Well, firstly, you can remove most solve_m' arguments: they don't change in recursive calls, and solve_m arguments are in the where clause. This also makes the f' function unnecessary.
solve_m f ar st qt = solve_m' 4.0 where solve_m' mg | rd > precis = solve_m' (mg - sf) | rd < (-precis) = solve_m' (mg + sf) | otherwise = mg where rt = st + qt r' = f st ar mg rd = rt - r' sf = abs(rd)

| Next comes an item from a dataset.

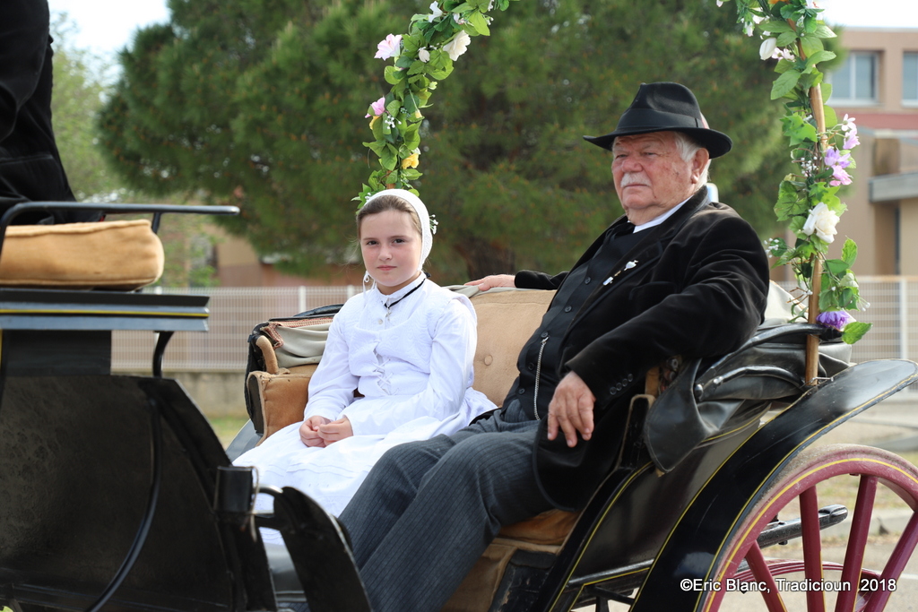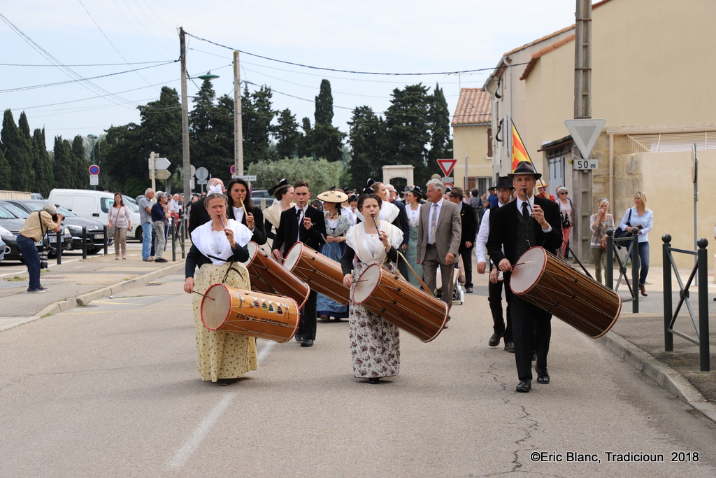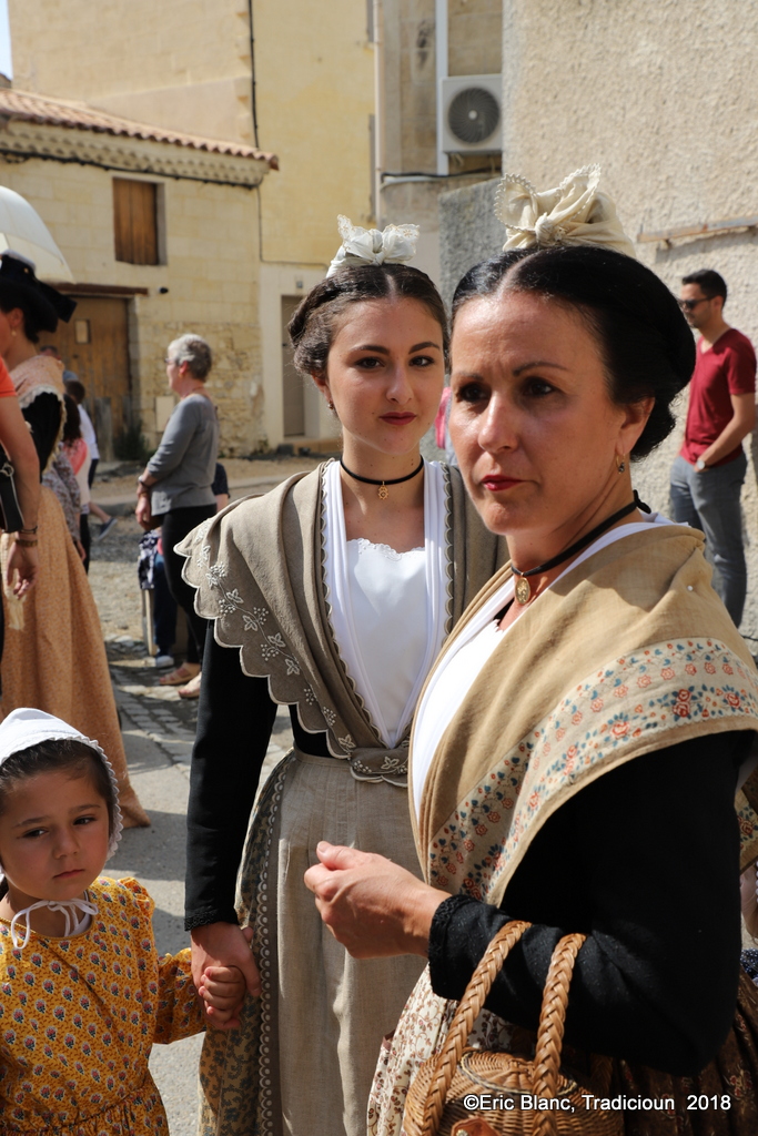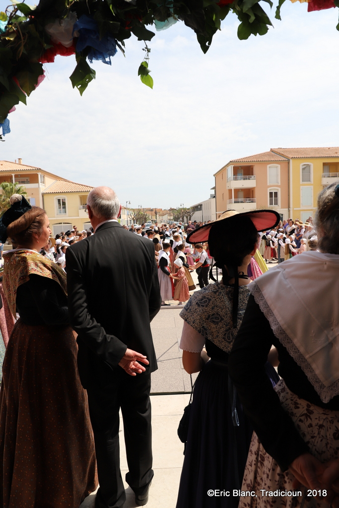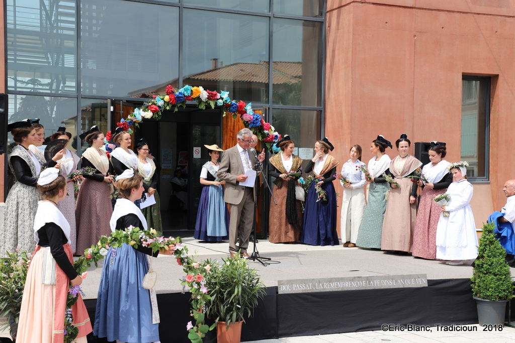 Faustine toute à son nouveau rôle de Maio n’en a pas encore saisi toute la portée, mais pour elle, sont venues toutes nos ambassadrices. La reine d’Arles et sa demoiselle d’honneur, fidèles parmi les fidèles étaient accompagnées par la Dame de St Rémy et sa demoiselle d’honneur, la demoiselle des moulins de Fontvieille et sa demoiselle d’honneur, la damisello dou Castèu de Chateaurenard et sa demoiselle d’honneur, la reine du ruban de Mouriès, l’ambassadrice du Riz, les XVIe et XVIIe reines d’Arles et enfin la Reine du Félibrige choisissant de terminer par Fourques sept années de représentations officielles aux côtés du Capoulié, lui aussi fidèle de la manifestation, venu ce jour avec son sendi du Languedoc et son souto-sendi également secrétaire de la Nacioun Gardiano.

Now solve_m' is of type Double -> Double , because all it does is perform the next iteration, and then it either finishes or calls itself tail-recursively. As it happens, standard libraries include a function called iterate with type (a -> a) -> a -> [a] , which takes such a function and creates a (possibly endless) list of each step in the iteration. The number of recursive calls required is, of course, exactly the length of the resulting list. causes a confusing error in my answer.
In fact, iterate creates an endless list, in this case with endlessly repeating copies of the "final" result. Not exactly what you want. I was probably thinking of unfoldr :: (b -> Maybe (a, b)) -> b -> [a] .
Another option that I really prefer would be to remove a defender who checks that the answer is close enough, and use iterate in the end, creating an endless list of new approximations, and then destroy the resulting comparison list of adjacent elements to see how close you are. I would give sample code, but given an earlier error, which might be unreasonable.
EDIT: Well, for the sake of completeness, here are a few brief examples:
Using iterate and takeWhile :
solve_m_iter f ar st qt = takeWhile notDoneYet $ iterate nextApprox 4.0 where rd mg = st + qt - f st ar mg notDoneYet mg = abs (rd mg) > precis nextApprox mg | rd mg > precis = mg - abs (rd mg) | rd mg < -precis = mg + abs (rd mg)
Using unfoldr :
solve_m_unfold f ar st qt = unfoldr nextApprox where nextApprox mg | rd > precis = keep $ mg - abs rd | rd < -precis = keep $ mg + abs rd | otherwise = Nothing where rd = st + qt - f st ar mg keep x = Just (x, x)
And a slightly better function to get the result without double-checking the list:
getResult = foldl (\(n, _) x -> (n + 1, x)) (0, 4.0)
Definitely fast and dirty code, but hopefully useful.